深く息を吸い込む。
 ヒュウという嫌な音はしない。
 母さんが心配したけど、学校には行けそうだ。

 夜、こっそり台所に下りて、おにぎりを作ろうとしているところを、母さんに発見されて、焦る。
「⋯⋯彼女に作ってあげてるの? 最近は男も女もないもんね」と言われて、驚いて訂正する。
「彼女なんかいないよ、友達のだよ」と。

 母さんが変な顔をして、僕を見た。僕はなんだか、まずい雰囲気に変わってきたことを察して、目を逸らした。
 咳が出る、こんな時に限って。

「男の子が、男の子にお弁当の用意してるわけ?」
「⋯⋯まぁ、そう」
「おかしくない?」
 僕は母さんの目を見られないまま、簡単に事情を話した。

 凪の家庭が片親なこと。毎日、買い弁だったこと。バイトばかりで、いつもひとりでがんばっていることなんかを、かいつまんで。

 母さんは、ふぅと小さくため息をついた。
「別にいいけど。それこそ、その子、彼女でも作った方が良くない? アンタが毎日、がんばらなくたって。自立しようと思うのは、悪くないけどね」

 僕は俯いていた。
 何も言い返せなかった。
 おにぎりを作るのは、僕が凪に対する好意で始めたことで、母さんが言うように「彼女でも作ったら」っていう問題じゃない。凪のせいじゃない。

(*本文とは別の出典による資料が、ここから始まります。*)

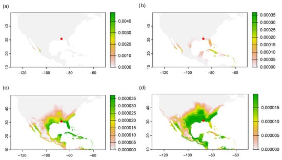 Probability of origin of BAW collected in the Florida Panhandle region, FL. USA, based on hydrogen isotope ratios (δ2H). Green represents higher probability of origin. Each map represents an example of the dispersal pattern of a single BAW moth specimen. Red dot represents where the moth was collected. Maps of the probability of origin of all samples are in Figures S1–S3.

「もう、わかったわよ! 今日は母さんがその子の分も作るから、アンタは寝てなさい。まだ咳が出てるじゃない。お弁当じゃなくて?おにぎり、2個ずつでいいんでしょう?」
「うん」

 じゃあお願い、と言って、部屋に戻る。
 階段の途中で、咳き込む。
 こんなのは珍しくて、最近ずいぶん良くなったのに、母さんの目にはそう映らないようだ。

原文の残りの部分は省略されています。